Джонни вспоминал теперь не только свое последнее разочарование, но и всю свою прошедшую жизнь. Он вспомнил о своем ребячестве, о той отсталости с его стороны в переходе в мужество, которая лишила его возможности предложить Лили любовь свою, прежде чем она попала в когти этого ненавистного Кросби. Подумав об этом, он дал себе слово еще раз поколотить Кросби при первой с ним встрече, но так поколотить, чтобы отправить его на тот свет, если это окажется возможным и если его самого не попросят последовать за ним. Не жестоко ли в самом деле для них обоих, для Лили и для него, переносить такое наказание из-за низости этого человека? Простояв таким образом на мосту с четверть часа, Джонни вынул из кармана ножик и глубокими грубыми надрезами в дереве сгладил с перил имя Лили.

Едва только кончил он эту работу и все еще смотрел на воду, уносившую стружки, как услышал, что кто-то тихо подошел к нему, обернувшись назад, он увидел на мостике леди Джулию. Она была подле него и успела заметить его рукоделье.

– Не обидела ли она вас? – спросила леди Джулия.

– Ах, леди Джулия!

– Не обидела ли она вас чем-нибудь?

– Она отказала мне, и теперь все кончено.

– Она могла вам отказать, но из этого еще не следует, что все кончено.
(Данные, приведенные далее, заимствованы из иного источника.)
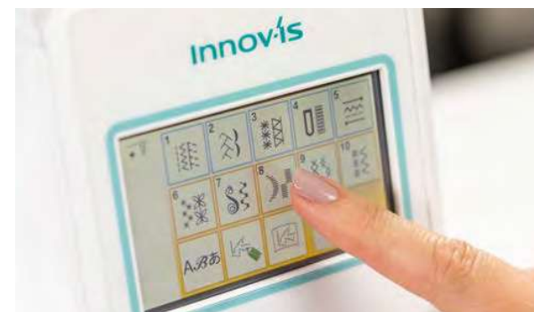
Colour LCD touchscreen
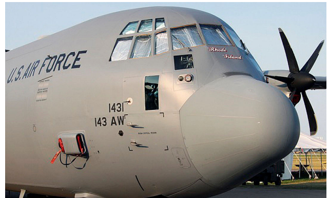
C-130 Cockpit HeatShields
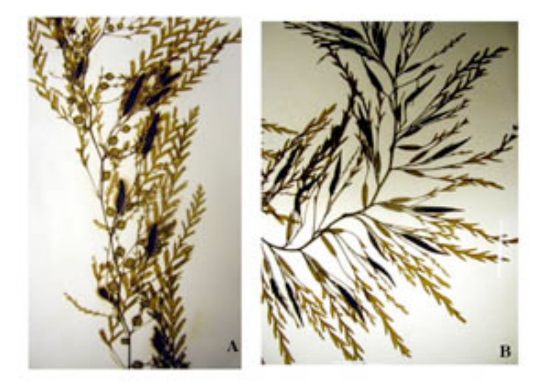
Figure 4a. Mature Sargassum filicinum with receptacles and elliptical vesicles from Santa Catalina Island.

Figure 3b. Sargassum horneri from Japan (University Herbarium, University of California at Berkeley). Note elongate vesicles and cigar-shaped receptacles.
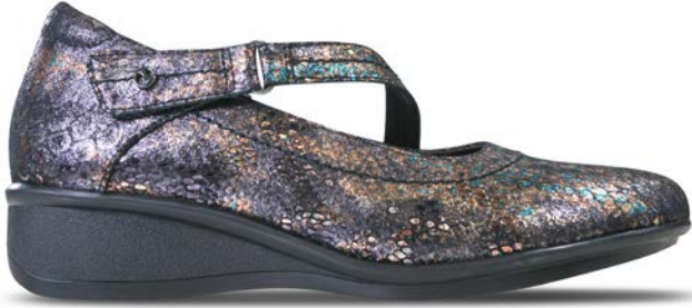
Black Metallic Python

MSRP: $139.95 WIDTH: Medium & Wide SIZES: Full Sizes 5 to 12 US ADJUSTABILITY: Single strap
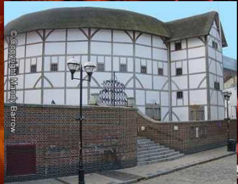
Globe Theatre in London

The Globe Theatre was built on the River Thames. It was circular and had seats around the walls which cost two pence or three pence if you had a cushion.
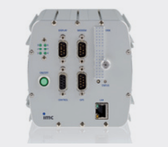
imc BUSDAQ-X, multi-bus/multi-protocol data acquisition system
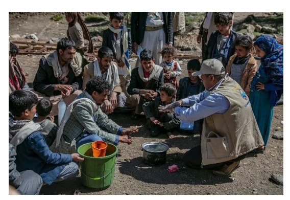
A community in Sana'a learns how to handwash and keep their water supplies clean and safe from cholera, by a Rapid Response Team.

UNICEF supported 355 Oral Rehydration Centres (ORCs) and 70 Diarrhoea Treatment Centres (DTCs) in 201 districts in 18 governorates. In January, over 9,000 AWD/cholera suspected cases were treated in those ORCs and DTCs. This represents a quarter of the national caseload (35,628). To strengthen the health system, increase more accessibility for the affected population and ensure the sustainability of the services, UNICEF integrated ORCs to the primary health care centres. For the preparedness of any
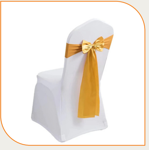
Stretch Fabric & Bow - AED 7 Bow Colours : Black, Gold, White, Blue
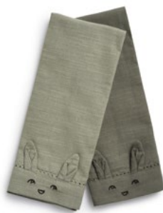
Mineral Green 60285104184NA
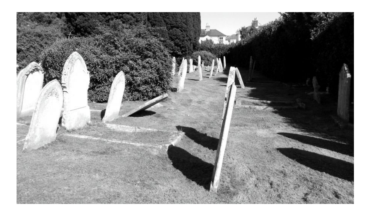
This picture gives a good indication of the inclination of a selection of headstones in the area suggested for this exercise

There is a selection of inclined memorials ranging from perfectly upright to leaning at approximately 50 degrees. None of them are unstable but the children should be warned not to push or lean on them.
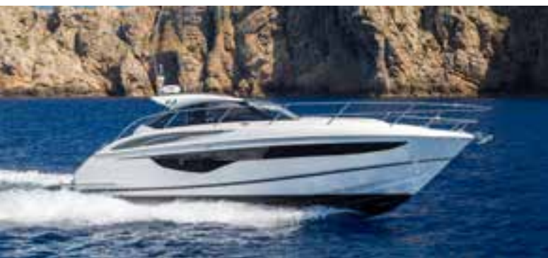
Princess V40 Open

AVAILABLE NOW WITH PRINCESS MOTOR YACHT SALES
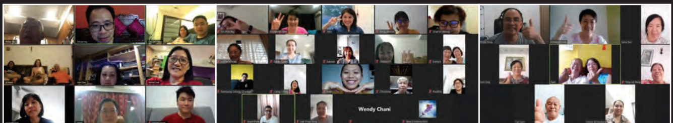
LG meetings, online!
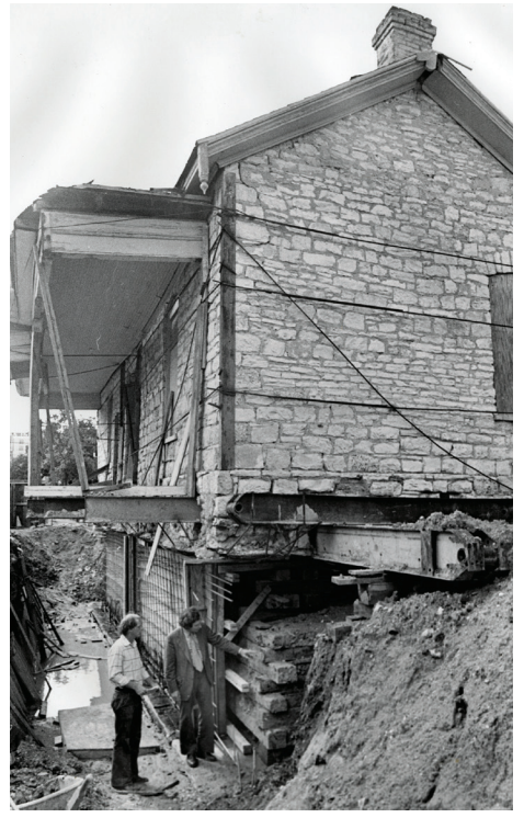
Following relocation to Symphony Square, a new foundation is designed to create a basement under the historic structure.
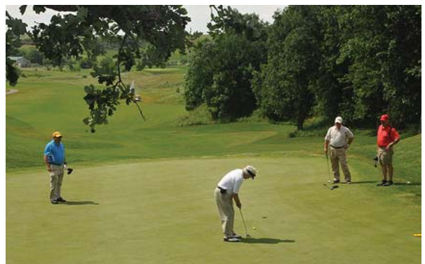
Golfers enjoy a beautiful afternoon at Hawktree Golf Club.

Winners may pick up their prizes at the registration table. Thanks to all the golfers for participating and making it a fun-filled day.
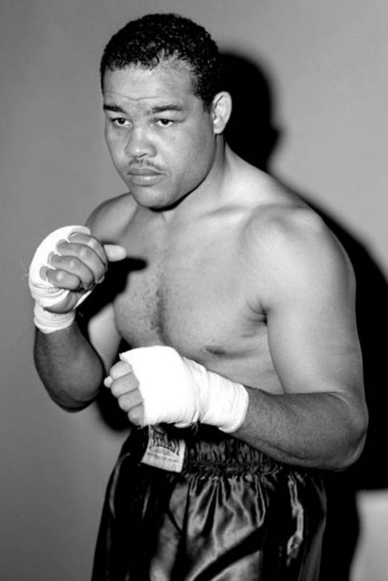
Joe Louis ( Boxing Heavyweight World Champion 1937-1949 )
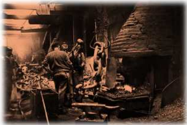
Chainsmiths at work at Newbridge
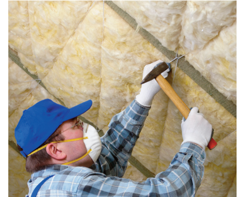
Fibre glass insulation can significantly reduce heat loss from your home.

There are also a series of less costly steps a homeowner can take if ice dams are a continuing problem. Increasing the insulation above your ceilings can help prevent heat from escaping into your attic or through your roof. For suspended ceilings, fibre glass batt insulation can be installed to prevent heat loss. For drywall ceilings that are nailed directly to the joists, blown insulation in addition to fibre glass insulation can be effective.
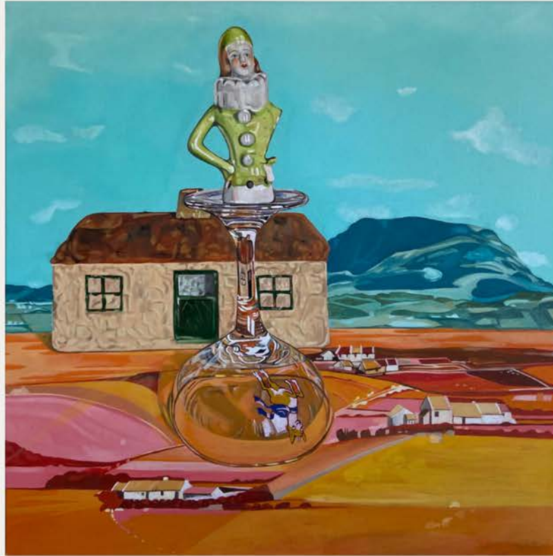
Mrs Babycham 40x40cm oil on canvas 950
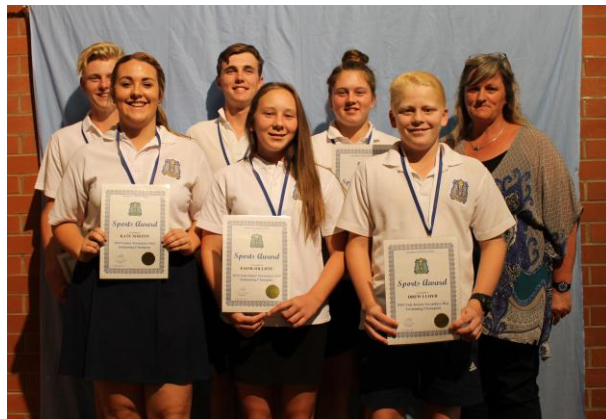
Secondary Swimming Champions
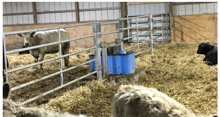
Left: A uninsulated 1,500-Watt heated tank that could be beneficial to replace with an energy-free waterer. Right: An energy-free waterer.
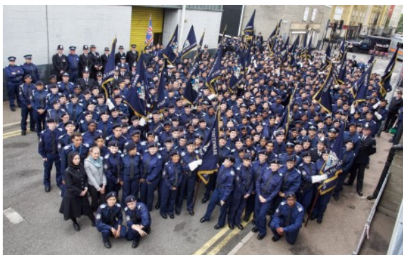
The Annual Cadet Competition
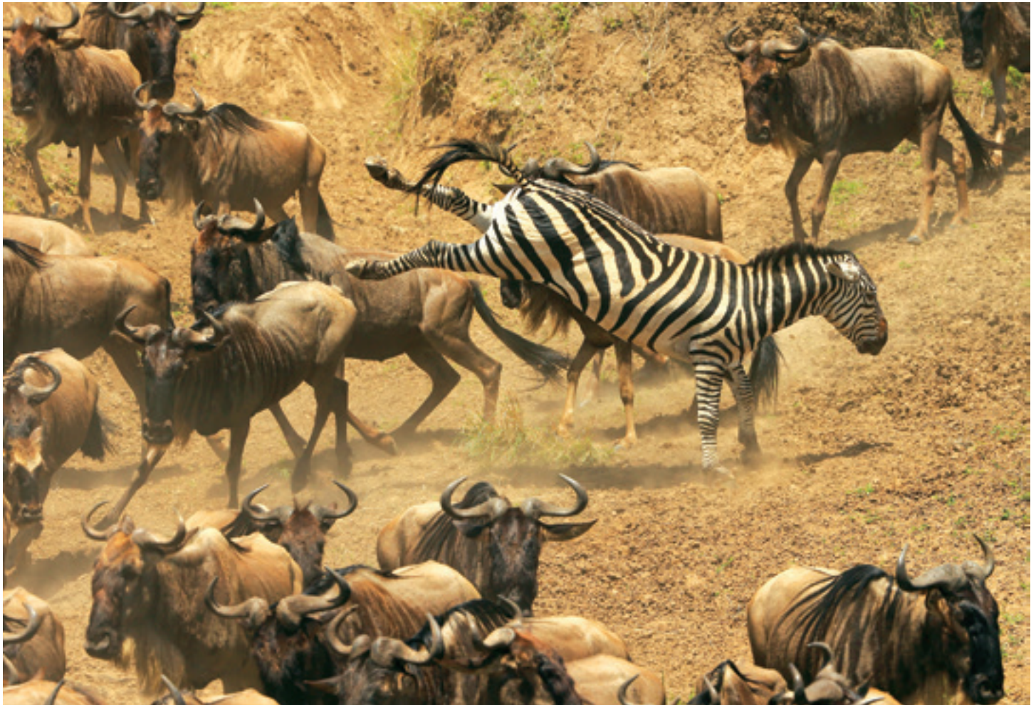
Zebra Anger
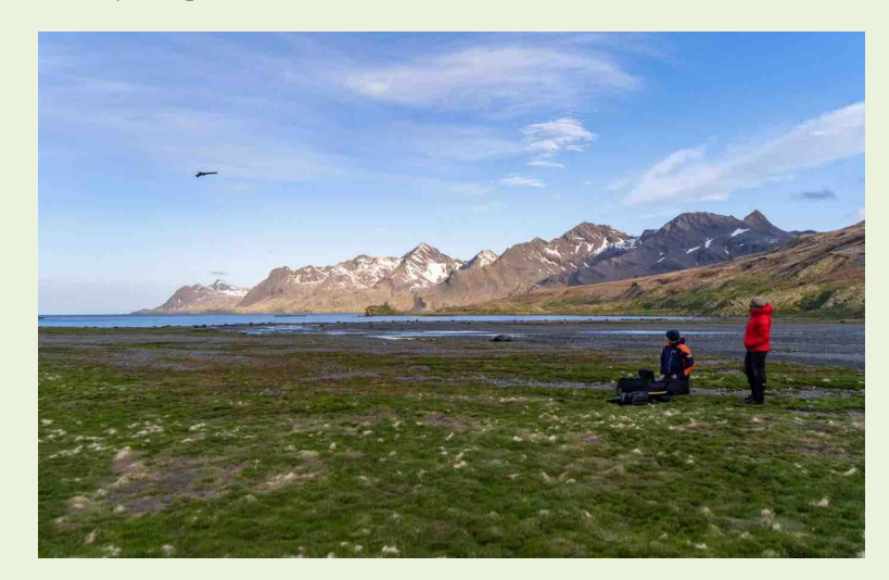
RPAS in flight at Husvik, 4 November 2022
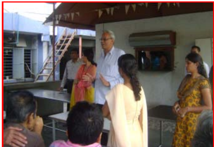
Interactive session with plant officials.
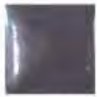
FS205 ™ GUN METAL

Мне очень жаль, что вы срезали ее имя. Уж не думаете ли вы вырезать его и из вашего сердца?

– Никогда. Я бы хотел, если бы это было возможно, но в том-то и дело, что невозможно.

– Берегите его как величайшее сокровище. В последующие годы вашей жизни оно будет для вас источником радости, а не печали. Любить искренно, хотя бы вы и любили тщетно, будет для вас утешением даже в то время, когда вы достигнете моих лет. Это будет значить, что вы имеете сердце.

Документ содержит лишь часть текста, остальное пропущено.